SCLESSIN En 24 heures, le Standard est passé d'une immense désillusion à une déception plus relative. Vu la défaite d'Anderlecht à Westerlo, la victoire du Brussels n'a finalement pas coûté si cher que cela aux Liégeois.

«Il n'y a pas de match facile: c'est vrai pour nous et pour Anderlecht», réagissait Dominique D'Onofrio hier soir après avoir regardé le match du Sporting. «Si une équipe mérite de gagner, c'est Westerlo. Le Standard est toujours leader mais il ne faut pas se focaliser là-dessus. On a vu ce que ça a donné au Brussels. Mais c'est bien d'être en tête pour recevoir Anderlecht. Si on assume.»

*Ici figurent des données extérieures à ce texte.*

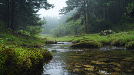 a green, slow-flowing stream meanders gracefully over moss-covered rocks, creating a serene and misty atmosphere. captured with a graflex speed graphic camera, this national geographic-style photo showcases the beauty of mountainous vistas. the realistic rendering of the landscape transports viewers into a photo-realistic world, reminiscent of forestpunk aesthetics. ai generated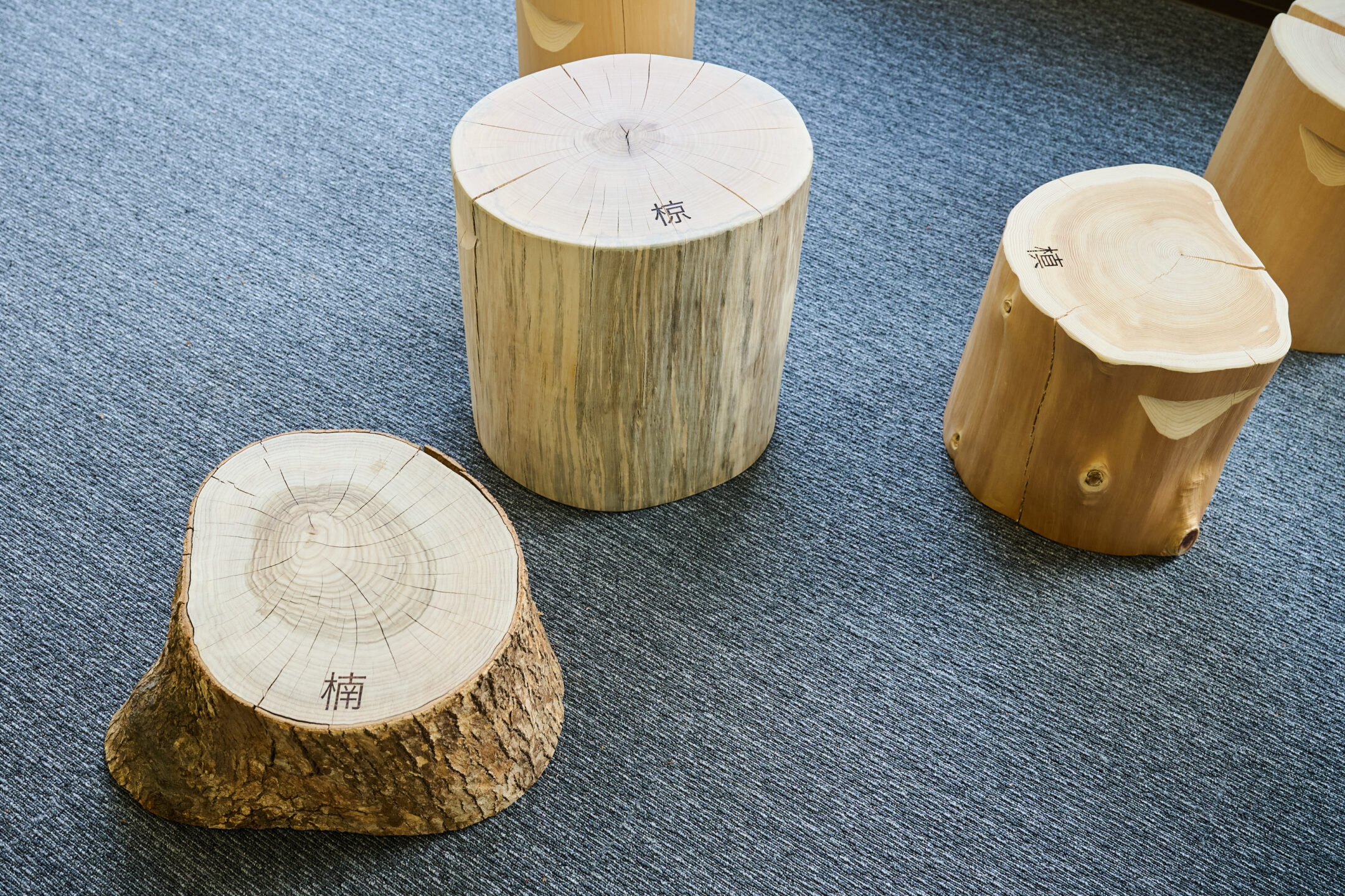 奈良県産のさまざまな樹種の丸太の椅子

Le déplacement de samedi a tout de même laissé des séquelles dans les rangs liégeois. Outre les trois points, les Rouches ont aussi perdu des joueurs clés pour le match au sommet de samedi. Déjà privé d'Onyewu, le coach devra se passer de Negouai et de Tchite, suspendus: «J'ai encore une semaine pour trouver des solutions. Il faut relever la tête et penser au match suivant.»

Ce que certains semblaient déjà faire samedi... «Certains avaient la tête ailleurs. Nous avons fait un débriefing oral ce dimanche. Les joueurs sont conscients qu'ils sont passés à travers. Il nous a manqué trop de choses. Et surtout du caractère. Tout part de là.»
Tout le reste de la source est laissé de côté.